Yo no sé a usted, pero a mí se me hizo un nudo en la garganta y las lágrimas se asomaron rebeldes a mis ojos cuando leí y escuché que estas habían sido las primeras palabras del pequeño Cristo José para con su madre, en su reencuentro con ella, después de ser liberado.
El pequeño, no obstante su drama y terrible vivencia, quería justificar ante su progenitora su forzosa ausencia de manera dulce e ingenua. Con esa inocente explicación lo dijo todo. Más que cualquier elocuente discurso, en esta tierna frase se encuentra amor, devoción y respeto, así mismo hallamos un hogar bien conformado, con una crianza llena de valores y creencias, que nos hacen respirar tranquilos y darnos cuenta de que aún hay por el cual luchar, que la mayoría de los colombianos somos gente buena, noble, maravillosa, que estamos saliendo de una noche oscura y lóbrega, que “hay que ahorcar los bandidos, antes que estos ahorquen a la sociedad”, que los buenos somos muchos, que nuestro país se unió como nunca, hizo frente común y espiritual contra la barbarie y la violencia. No hubo ningún hogar en Colombia donde una plegaria no fuera elevada o un sentimiento de rechazo e ira no fuera manifiesto.
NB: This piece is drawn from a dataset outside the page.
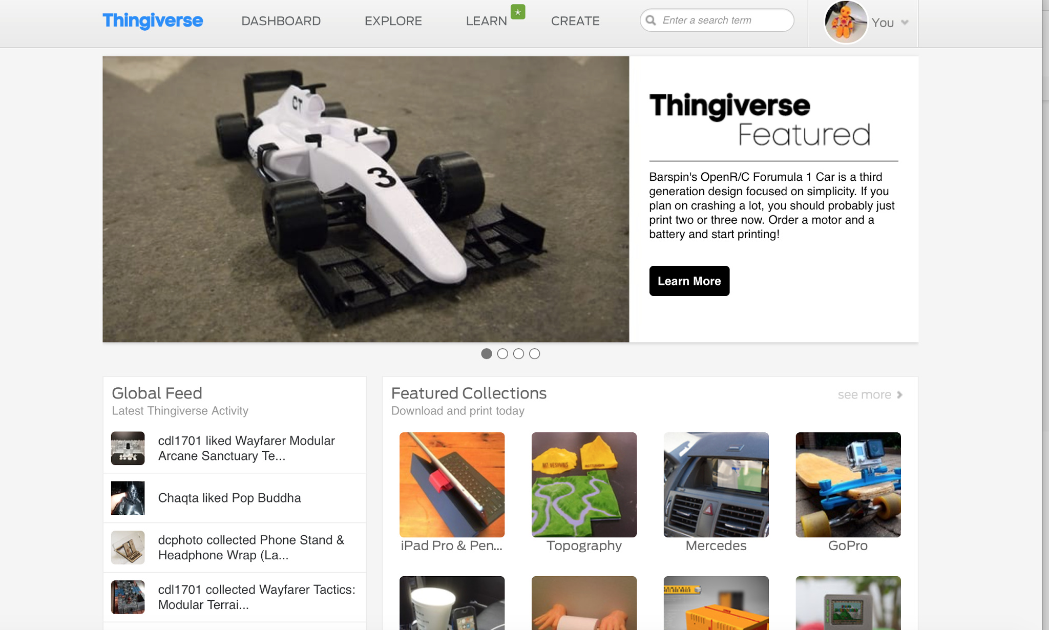 Congrats Daniel on being featured on the front page of Thingiverse.

La maldita coca, la corrupción, la impunidad, el dinero fácil sin escrúpulos, el rechazo a Dios y los principios axiológicos han permeado un sector de la población y se yergue amenazante contra el resto. Uno no entiende cómo se levantan voces contra la fumigación de cultivos ilícitos o la confiscación de la dosis personal de estupefacientes, cómo la defensa de empalagosos y dulcetes derechos está por encima de la protección social y del bienestar común, cómo se fomenta el odio y la lucha de clases con discursos populistas llenos de veneno y neurotoxina, y cómo existen actores políticos armados que aún quieren desestabilizar nuestra democracia y Estado de derecho.
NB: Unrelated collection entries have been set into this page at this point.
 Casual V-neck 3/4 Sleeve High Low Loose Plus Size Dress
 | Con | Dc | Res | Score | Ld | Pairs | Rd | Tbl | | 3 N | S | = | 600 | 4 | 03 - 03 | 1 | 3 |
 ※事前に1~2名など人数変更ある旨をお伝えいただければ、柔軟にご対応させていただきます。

Es hora de llamar las cosas por su nombre, sin semántica o hipocresía: “lo anormal se volvió normal, lo ilícito, lícito, lo inmoral, moral, haciéndose necesario volver a enseñar, que lo malo es malo y no bueno”. Es nuestro deber construir una sociedad temerosa de Dios, respetuosa de la autoridad y la ley, donde la familia sea formadora de hombres honestos, rectos y de principios. “El hijo debe amar y respetar al padre, el padre la autoridad y la ley, y todos a Dios”.